Depuis septembre 2017, les Néerlandais peuvent télécharger sur leurs mobiles une toute nouvelle application : SnailSnap. Comme son nom l’indique, l’idée est… de prendre des escargots en photo. L’objectif : partager avec le Naturalis Biodiversity Center local des données qui, analysées automatiquement par des systèmes intelligents de reconnaissance d’image, permettent in fine de voir si l’urbanisation, notamment, affecte l’habitat, les conditions de vie et les caractéristiques physiques des gastéropodes.
« Darwin comes to town »
Ce projet participatif est né de l’initiative de Menno Schilthuizen, « écologiste urbain » et auteur en mars 2018 de Darwin comes to town, sous-titré « Comment la jungle urbaine agit sur l’évolution ». Il y propose une actualisation de la théorie darwinienne en étudiant l’évolution des caractéristiques de la faune et de la flore en ville, où elles sont exposées et s’adaptent à la pollution sonore et de l’air et à l’activité humaine dans des environnements artificialisés et en mutation permanente.
Ainsi, les coquilles des escargots hollandais changent de couleur, leur permettant de mieux se protéger des îlots de chaleur urbains. À Porto Rico, les pattes d’une certaine espèce de lézards ont évolué et agrippent dorénavant mieux le béton. Des corneilles japonaises déposent, elles, des noix sur le bitume et les font ouvrir par le flux des voitures.

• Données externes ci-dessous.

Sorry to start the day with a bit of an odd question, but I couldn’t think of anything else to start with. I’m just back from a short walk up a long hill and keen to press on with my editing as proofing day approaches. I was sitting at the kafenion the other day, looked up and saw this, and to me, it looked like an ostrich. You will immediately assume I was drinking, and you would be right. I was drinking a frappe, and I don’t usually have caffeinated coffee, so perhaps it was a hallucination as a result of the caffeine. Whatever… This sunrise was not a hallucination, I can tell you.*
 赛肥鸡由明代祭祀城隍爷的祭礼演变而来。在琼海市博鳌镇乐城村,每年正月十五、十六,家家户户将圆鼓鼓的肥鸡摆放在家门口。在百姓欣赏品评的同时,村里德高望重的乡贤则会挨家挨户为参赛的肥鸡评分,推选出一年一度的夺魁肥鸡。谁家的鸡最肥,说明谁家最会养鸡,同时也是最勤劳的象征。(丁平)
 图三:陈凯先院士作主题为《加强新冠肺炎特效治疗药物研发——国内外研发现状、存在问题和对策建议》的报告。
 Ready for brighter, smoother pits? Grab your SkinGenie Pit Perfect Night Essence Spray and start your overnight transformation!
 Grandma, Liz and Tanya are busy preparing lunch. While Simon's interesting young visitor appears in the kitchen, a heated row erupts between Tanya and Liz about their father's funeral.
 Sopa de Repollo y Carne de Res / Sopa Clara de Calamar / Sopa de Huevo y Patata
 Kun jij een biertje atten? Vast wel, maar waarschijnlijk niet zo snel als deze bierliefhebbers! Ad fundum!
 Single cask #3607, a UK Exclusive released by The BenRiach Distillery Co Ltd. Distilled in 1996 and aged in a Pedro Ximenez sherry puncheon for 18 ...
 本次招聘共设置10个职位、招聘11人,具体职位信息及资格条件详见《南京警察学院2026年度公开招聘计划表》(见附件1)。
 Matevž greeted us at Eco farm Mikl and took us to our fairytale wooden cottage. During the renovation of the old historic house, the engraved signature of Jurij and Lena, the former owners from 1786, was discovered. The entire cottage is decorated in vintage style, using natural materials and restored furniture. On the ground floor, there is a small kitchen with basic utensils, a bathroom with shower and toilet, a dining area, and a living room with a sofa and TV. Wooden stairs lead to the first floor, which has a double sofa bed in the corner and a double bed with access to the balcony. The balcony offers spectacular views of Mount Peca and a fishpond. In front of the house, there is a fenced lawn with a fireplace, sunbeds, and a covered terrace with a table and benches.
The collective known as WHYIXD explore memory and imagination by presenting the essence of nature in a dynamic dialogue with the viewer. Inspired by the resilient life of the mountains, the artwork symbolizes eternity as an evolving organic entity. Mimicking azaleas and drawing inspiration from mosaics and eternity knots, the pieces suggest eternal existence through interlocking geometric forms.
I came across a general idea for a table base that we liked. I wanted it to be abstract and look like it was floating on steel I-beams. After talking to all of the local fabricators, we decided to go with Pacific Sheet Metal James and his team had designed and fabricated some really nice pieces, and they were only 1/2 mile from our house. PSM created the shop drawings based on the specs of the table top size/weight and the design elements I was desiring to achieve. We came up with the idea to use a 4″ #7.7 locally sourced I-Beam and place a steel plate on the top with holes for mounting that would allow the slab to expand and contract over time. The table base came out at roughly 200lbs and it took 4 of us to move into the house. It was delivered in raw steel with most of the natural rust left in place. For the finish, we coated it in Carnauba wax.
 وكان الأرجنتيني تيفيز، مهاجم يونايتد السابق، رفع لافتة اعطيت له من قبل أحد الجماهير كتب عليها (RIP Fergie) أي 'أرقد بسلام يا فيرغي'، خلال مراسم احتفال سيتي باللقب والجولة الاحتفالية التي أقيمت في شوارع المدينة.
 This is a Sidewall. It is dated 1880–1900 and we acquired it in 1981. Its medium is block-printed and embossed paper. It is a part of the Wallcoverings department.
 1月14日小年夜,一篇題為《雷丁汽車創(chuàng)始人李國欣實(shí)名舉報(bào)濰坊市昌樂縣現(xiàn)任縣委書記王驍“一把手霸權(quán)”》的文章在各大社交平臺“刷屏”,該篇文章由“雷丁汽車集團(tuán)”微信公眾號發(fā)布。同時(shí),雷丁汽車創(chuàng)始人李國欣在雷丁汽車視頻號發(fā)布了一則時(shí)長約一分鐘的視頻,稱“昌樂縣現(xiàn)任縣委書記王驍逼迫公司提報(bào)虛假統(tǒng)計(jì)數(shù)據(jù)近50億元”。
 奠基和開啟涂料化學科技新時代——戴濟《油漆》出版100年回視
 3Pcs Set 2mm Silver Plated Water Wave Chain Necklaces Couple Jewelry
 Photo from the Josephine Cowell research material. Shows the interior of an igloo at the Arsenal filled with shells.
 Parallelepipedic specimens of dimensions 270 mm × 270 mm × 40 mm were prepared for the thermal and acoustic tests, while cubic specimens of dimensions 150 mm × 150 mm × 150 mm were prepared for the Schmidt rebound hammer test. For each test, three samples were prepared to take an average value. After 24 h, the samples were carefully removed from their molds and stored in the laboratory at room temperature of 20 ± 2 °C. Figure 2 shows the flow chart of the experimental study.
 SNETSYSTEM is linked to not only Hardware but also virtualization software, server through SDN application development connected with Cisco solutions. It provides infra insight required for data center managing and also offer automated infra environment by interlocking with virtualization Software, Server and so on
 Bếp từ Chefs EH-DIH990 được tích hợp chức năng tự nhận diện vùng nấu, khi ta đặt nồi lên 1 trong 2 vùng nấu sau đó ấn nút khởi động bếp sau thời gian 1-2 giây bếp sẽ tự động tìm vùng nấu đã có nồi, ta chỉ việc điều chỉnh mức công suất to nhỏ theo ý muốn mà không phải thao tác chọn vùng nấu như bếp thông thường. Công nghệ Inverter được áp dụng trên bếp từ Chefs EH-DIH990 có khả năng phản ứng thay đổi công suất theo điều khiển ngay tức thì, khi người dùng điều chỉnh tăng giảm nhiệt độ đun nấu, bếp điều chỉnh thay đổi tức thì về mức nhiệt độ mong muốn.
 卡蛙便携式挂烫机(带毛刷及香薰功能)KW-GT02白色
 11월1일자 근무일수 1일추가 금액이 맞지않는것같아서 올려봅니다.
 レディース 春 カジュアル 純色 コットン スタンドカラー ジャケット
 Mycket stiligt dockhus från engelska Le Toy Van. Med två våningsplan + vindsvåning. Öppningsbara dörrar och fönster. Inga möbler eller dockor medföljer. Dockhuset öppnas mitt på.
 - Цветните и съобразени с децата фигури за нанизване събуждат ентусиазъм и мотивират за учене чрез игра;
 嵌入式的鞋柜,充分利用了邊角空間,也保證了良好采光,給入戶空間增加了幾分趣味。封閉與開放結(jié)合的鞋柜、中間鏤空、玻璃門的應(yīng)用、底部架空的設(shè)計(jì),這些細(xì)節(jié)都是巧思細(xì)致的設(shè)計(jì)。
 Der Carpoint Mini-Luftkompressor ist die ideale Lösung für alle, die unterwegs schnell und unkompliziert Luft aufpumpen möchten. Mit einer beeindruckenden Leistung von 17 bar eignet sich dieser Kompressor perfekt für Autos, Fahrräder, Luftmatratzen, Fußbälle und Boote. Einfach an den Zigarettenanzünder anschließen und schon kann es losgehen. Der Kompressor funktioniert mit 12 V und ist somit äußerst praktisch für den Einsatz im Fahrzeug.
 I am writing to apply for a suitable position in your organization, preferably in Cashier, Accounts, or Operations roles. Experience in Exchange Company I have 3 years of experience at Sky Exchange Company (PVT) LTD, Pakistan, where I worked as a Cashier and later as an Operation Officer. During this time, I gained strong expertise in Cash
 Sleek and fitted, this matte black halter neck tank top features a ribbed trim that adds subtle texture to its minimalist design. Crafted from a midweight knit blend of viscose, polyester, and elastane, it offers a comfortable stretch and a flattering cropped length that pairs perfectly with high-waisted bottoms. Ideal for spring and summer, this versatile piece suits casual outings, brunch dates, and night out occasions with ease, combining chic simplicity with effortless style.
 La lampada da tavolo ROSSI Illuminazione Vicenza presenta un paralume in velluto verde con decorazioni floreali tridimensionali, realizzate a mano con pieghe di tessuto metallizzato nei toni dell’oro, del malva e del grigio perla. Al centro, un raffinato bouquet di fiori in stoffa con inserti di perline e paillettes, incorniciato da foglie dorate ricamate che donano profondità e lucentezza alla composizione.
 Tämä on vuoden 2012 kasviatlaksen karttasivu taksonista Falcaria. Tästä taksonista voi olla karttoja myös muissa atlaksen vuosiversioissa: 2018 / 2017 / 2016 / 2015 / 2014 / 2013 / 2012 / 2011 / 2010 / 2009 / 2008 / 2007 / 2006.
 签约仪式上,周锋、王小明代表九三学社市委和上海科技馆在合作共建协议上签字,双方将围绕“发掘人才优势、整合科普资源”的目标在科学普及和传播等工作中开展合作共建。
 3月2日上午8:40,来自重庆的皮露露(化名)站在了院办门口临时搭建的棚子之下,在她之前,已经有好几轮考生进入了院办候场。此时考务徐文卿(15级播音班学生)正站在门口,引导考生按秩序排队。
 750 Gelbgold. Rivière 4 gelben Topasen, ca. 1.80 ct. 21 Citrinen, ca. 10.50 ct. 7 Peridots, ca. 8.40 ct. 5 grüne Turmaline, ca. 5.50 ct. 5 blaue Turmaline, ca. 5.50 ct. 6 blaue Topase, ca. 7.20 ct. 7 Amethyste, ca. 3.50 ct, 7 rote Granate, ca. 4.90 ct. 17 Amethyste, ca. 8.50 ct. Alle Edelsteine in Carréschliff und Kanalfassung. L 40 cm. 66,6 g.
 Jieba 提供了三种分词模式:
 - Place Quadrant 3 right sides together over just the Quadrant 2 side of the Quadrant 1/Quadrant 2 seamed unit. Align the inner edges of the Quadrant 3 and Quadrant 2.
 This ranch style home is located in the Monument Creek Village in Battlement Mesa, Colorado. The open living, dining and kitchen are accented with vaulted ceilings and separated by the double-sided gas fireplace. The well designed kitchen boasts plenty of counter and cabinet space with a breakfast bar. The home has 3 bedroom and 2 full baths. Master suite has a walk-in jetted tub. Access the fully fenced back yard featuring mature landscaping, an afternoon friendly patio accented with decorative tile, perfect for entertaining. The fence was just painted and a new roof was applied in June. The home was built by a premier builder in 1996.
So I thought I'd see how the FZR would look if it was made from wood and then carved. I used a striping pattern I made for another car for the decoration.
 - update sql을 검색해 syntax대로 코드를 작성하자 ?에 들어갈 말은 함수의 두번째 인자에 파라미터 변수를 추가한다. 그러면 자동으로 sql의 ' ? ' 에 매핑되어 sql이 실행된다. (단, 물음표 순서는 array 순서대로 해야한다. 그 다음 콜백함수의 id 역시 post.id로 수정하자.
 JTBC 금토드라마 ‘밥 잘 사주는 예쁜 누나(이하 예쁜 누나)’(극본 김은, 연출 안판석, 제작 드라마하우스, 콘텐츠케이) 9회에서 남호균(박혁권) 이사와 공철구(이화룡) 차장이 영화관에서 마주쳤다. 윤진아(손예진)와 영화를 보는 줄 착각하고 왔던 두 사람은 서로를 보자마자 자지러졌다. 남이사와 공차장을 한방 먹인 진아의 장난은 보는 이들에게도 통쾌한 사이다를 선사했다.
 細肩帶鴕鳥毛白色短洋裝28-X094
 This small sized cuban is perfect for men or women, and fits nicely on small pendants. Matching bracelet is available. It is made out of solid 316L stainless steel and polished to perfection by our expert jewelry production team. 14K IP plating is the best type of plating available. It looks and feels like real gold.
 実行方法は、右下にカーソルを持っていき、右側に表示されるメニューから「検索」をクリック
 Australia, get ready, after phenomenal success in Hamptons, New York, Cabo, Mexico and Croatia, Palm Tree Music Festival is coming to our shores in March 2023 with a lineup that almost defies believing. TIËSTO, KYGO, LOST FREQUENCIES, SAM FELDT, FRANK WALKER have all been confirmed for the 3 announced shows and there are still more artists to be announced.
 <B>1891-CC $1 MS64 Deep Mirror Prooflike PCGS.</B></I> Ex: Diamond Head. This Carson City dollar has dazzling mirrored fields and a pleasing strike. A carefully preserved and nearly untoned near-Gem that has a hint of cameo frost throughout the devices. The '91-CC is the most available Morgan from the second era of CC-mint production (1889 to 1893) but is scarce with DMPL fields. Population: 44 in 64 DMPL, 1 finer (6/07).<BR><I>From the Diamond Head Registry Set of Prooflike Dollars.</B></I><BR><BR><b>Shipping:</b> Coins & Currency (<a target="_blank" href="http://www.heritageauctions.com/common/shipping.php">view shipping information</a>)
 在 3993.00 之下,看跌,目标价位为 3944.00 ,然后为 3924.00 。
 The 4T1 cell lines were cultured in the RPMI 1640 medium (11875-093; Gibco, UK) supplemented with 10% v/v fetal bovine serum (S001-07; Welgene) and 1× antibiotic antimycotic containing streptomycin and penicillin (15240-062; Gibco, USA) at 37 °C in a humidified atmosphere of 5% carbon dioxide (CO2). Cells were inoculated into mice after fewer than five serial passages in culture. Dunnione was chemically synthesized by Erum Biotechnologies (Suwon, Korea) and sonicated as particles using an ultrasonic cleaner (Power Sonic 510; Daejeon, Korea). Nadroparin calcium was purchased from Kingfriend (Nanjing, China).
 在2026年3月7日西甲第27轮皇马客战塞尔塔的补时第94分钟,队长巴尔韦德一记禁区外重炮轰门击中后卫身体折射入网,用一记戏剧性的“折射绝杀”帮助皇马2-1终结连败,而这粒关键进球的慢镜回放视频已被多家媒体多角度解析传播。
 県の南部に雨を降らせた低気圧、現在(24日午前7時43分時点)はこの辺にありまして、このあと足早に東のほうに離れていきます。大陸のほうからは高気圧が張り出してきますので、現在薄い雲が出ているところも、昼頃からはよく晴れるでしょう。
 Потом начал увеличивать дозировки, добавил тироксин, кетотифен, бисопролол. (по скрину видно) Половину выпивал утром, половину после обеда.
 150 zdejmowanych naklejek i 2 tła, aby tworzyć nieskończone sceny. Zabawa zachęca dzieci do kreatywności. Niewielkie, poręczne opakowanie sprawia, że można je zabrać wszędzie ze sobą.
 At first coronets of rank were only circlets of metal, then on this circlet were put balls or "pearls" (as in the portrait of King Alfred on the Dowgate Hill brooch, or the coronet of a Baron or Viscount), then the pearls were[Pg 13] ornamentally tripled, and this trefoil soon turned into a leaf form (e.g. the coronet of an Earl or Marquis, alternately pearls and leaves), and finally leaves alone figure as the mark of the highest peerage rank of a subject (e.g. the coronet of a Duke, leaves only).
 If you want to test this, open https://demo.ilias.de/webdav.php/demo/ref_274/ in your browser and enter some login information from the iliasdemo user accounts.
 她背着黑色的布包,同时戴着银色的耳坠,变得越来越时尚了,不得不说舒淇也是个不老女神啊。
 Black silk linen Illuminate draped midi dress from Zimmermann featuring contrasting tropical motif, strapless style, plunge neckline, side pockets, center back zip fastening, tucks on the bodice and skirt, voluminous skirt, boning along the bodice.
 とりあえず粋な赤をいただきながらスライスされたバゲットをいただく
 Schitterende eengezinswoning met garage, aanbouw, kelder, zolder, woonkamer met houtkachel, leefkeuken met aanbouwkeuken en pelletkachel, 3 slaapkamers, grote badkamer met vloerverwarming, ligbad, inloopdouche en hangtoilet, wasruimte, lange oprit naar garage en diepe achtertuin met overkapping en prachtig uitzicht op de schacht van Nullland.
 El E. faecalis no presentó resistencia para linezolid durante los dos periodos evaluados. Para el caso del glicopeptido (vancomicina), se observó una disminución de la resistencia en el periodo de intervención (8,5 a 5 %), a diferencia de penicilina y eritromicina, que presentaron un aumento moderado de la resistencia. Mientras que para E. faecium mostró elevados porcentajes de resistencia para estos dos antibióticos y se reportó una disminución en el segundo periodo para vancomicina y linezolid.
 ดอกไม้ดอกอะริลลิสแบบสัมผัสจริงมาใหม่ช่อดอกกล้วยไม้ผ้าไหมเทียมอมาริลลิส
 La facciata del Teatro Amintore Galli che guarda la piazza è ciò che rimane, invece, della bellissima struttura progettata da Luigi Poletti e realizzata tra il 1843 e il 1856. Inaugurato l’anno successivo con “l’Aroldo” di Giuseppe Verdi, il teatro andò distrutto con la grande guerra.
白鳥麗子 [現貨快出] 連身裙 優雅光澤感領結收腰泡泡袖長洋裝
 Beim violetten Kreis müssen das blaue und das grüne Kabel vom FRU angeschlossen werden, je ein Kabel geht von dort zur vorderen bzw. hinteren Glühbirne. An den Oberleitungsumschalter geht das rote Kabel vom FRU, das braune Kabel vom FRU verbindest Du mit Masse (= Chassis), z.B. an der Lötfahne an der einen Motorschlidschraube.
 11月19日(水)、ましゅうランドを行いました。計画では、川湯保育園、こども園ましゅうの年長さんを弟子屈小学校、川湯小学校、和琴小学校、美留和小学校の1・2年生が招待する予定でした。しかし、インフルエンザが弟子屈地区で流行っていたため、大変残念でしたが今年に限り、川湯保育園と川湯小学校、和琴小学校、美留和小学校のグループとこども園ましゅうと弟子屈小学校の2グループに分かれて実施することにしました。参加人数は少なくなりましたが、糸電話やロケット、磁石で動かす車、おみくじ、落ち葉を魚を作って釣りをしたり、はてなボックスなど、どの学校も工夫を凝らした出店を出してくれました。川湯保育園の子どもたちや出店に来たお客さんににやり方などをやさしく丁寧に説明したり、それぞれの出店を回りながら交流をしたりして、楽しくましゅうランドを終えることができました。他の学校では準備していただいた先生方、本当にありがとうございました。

Enfin, les ailes de ces hirondelles américaines ont raccourci : elles échappent désormais plus rapidement aux voitures.
Documenter la ville verte
Anecdotiques, les escargots de Menno Schilthuizen ? Pas si l’on considère que l’étude de ces évolutions est le préambule à l’invention de nouvelles manières de faire cohabiter humain et nature en ville. Les travaux sur le darwinisme urbain égratignent au passage certains dogmes dominants en urbanisme : d’après le biologiste, l’introduction de passages à faune, censés encourager le développement des populations animales, pourrait parfois aller à l’encontre de leur besoin de s’adapter à un environnement local dans des conditions stables.
Les travaux de Schilthuizen le mènent aussi à conclure que « pour rendre les villes plus vertes, les meilleurs candidats sont les espèces qui se sont déjà adaptées aux conditions urbaines plutôt que celles choisies dans un catalogue de pépiniériste ». En fait, le développement des technologies de monitoring (capteurs, connectivité, cloud, data-analyse et IA), à l’instar de ce que l’on observe par ailleurs dans le champ de l’étude de la grande faune sauvage, permet de documenter à un degré de précision inédit un pan entier de ce qui fonde la biodiversité en milieu urbain. Menno Schilthuizen, qui met en lumière l’incapacité d’adaptation de certaines espèces face aux trop rapides transitions urbaines, rêve ainsi d’un « système de monitoring automatisé, faisant appel au grand public, qui permettrait d’observer en temps réel [les processus d’ »évolution urbaine »] ».
La biodiversité urbaine à l’agenda dans l’immobilier
Du reste, ce type d’outils de quantification, à l’image du City Biodiversity Index, permet d’objectiver la préoccupation grandissante que les acteurs de la ville semblent montrer envers la biodiversité urbaine. Le secteur de l’immobilier est à cet égard un des plus actifs. Lors du dernier MIPIM (Marché International des Professionnels de l’Immobilier), le Conseil International Biodiversité et Immobilier (CIBI) a ainsi lancé une charte volontaire qui a vocation à faire un peu plus entrer la biodiversité dans les préoccupations du secteur. Quarante entreprises se sont ainsi engagées autour d’une charte qui vise à « intégrer le vivant dans tout projet urbain » et qui suit d’autres initiatives, tel le label BiodiverCity dont le référentiel propose une définition de la biodiversité appliquée à la ville (indicateurs pour la diversité des écosystèmes et les relations homme/nature).
Un tournant s’opère, selon Pierre Darmet, Secrétaire Général du CIBI, qui assure :
« Nous passons de ‘mesurettes’ à une conception systématique. Il n’y a pas de performance écologique à attendre, mais plutôt un potentiel d’accueil du vivant, ce qui est différent des raisonnements habituels »
Alors que les municipalités elles-mêmes en font un élément visible de leurs politiques, la biodiversité urbaine quantifiée est indéniablement en passe de déboucher sur un marché. Urbalia, start-up tout juste née d’un partenariat entre VINCI Construction et AgroParisTech, propose ainsi le « premier outil » de mesure du potentiel biodiversité d’un projet urbain. La nature en ville voit ainsi à son tour nos civilisations statistiques se pencher sur elle et faire de mieux en mieux ce qui les caractérisent : classer et mesurer.